First, Fox grabbed the glamorous, and historically liberal Paula Zahn away from CBS. Those conservatives who were wary of this move (like me) were pleasantly surprised when she delivered a truly fair and balanced product; indeed, some were actually saddened (me again) when she was lured away by CNN. 

Then Fox hired Geraldo Rivera away from CNBC. Much bigger alarm bells went off this time. Geraldo?. And this time the suspicions about this "reporter" were justified. Ultra-patriotic though he was (a nice twist for the aging hippie, that), within weeks Geraldo was embarrassing his new bosses.
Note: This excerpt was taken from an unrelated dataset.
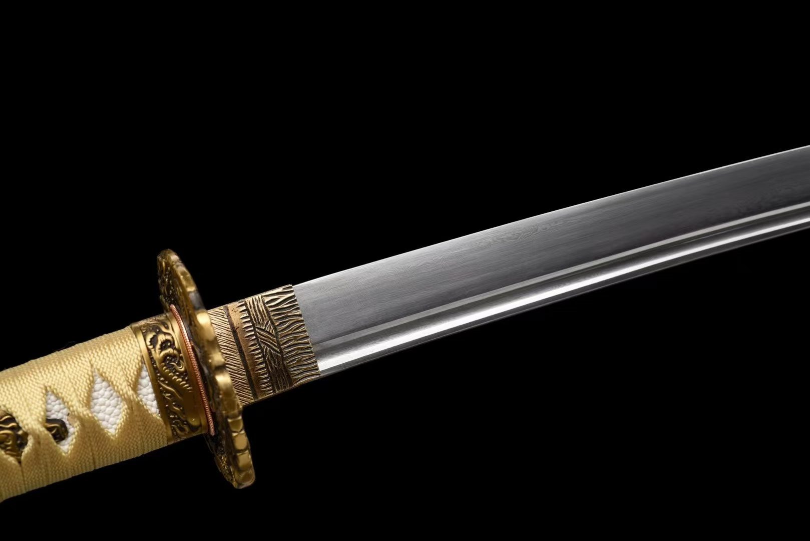 - Lưỡi kiếm: Thép hoa văn bách luyện, vân gấp tự nhiên

The Baltimore Sun's David Folkenflik exposed that a Rivera report from the "hallowed ground" where U.S. soldiers fell in a friendly-fire incident was nowhere near where Geraldo was standing. "War correspondent" Geraldo was recalled from the war before Christmas. What Fox will do with him now - or he will do with Fox - is uncertain.

Now Fox has recruited CNN host Greta Van Susteren, counted by most as a counter-coup for CNN stealing Fox's Paula Zahn. Greta will fill Zahn's old hour-long slot at 10 PM. I can tell you there is most definitely displeasure in Conservativeland over this move.
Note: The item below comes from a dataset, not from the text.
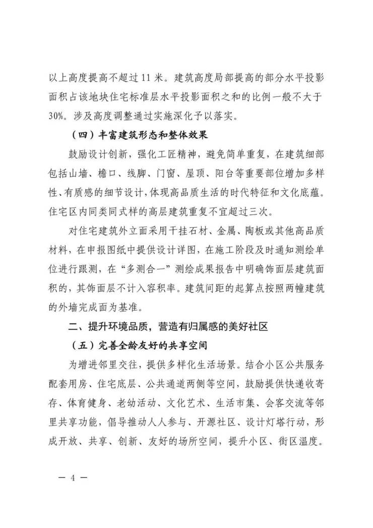 沿道路转角、重点地区和城市设计重要节点,可局部提高建筑高度。50 米及以下高度提高不超过 7 米,50 米以上高度提高不超过 11 米。建筑高度局部提高的部分水平投影面积占该地块住宅标准层水平投影面积之和的比例一般不大于30%。涉及高度调整通过实施深化予以落实。

Lest anyone forget, Greta was, like Geraldo, a full-time Clinton cheerleader during that crazy year of 1998. Within weeks of the Monica Lewinsky revelations, she was anchoring a two-hour special ripping into Ken Starr for his abuses of power and his suspect "religious and Republican roots." (Which was rich coming from Greta, who never wants anyone to talk about her fervent belief in Scientology.)
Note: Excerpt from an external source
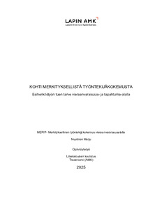 (2025)Tämän opinnäytetyön tarkoituksena oli tutkia, miten työn merkityksellisyyttä voidaan vahvistaa vieraanvaraisuus- ja tapahtuma-alalla sekä millaista tukea esihenkilöt tarvitsevat merkityksellisyyden johtamisessa. Alalla ... -

By May of that year, she was sitting next to Hillary Clinton at a White House state dinner. She argued that Bill Clinton should fight any attempts to make him testify and take it all the way to the Supreme Court. Her trial-lawyer husband, John Coale, represented former Kathleen Willey buddy Julie Hiatt Steele in her attempts to belittle Starr as a vicious, out-of-control prosecutor. Coale had also given thousands of dollars that year to the budding Gore campaign and the Democratic National Committee.

What's going on here? Is Ailes capitulating to the barrage of liberal accusations and trying to make his network look more like the rest of the major media? I doubt it. This man is too much the warrior to be cowed by the opposition, especially now when his game plan is working so well.

Is he trying to tweak his competitors and drive up the ratings appeal of Fox by hiring away their big-name stars? Maybe that's the answer, but if it is, it is worrisome.

There's an underlying message here, one conservatives have heard before, unfortunately, and it is this: Conservatives have nowhere else to go and will just have to accept this broadening of the message. It had miserable results in GOP politics and could have similar consequences with Fox.

"Nowhere else to go" overlooks one very important player in this drama: CNN capo di capi Jamie Kellner. Call him a dyed-in-the-wool liberal Democrat all you want, but this man is first and foremost a hardnosed businessman. If he has accepted (and who cares whether he says so or not publicly) that a major reason for CNN's ratings free-fall is the loss of its conservative viewers, he will do what it takes to regain them. In truth, there are plenty of signs at CNN that is intent on doing just that.

Fox is going to have to be careful. The biggest mistake it could make is to take its conservative audience for granted.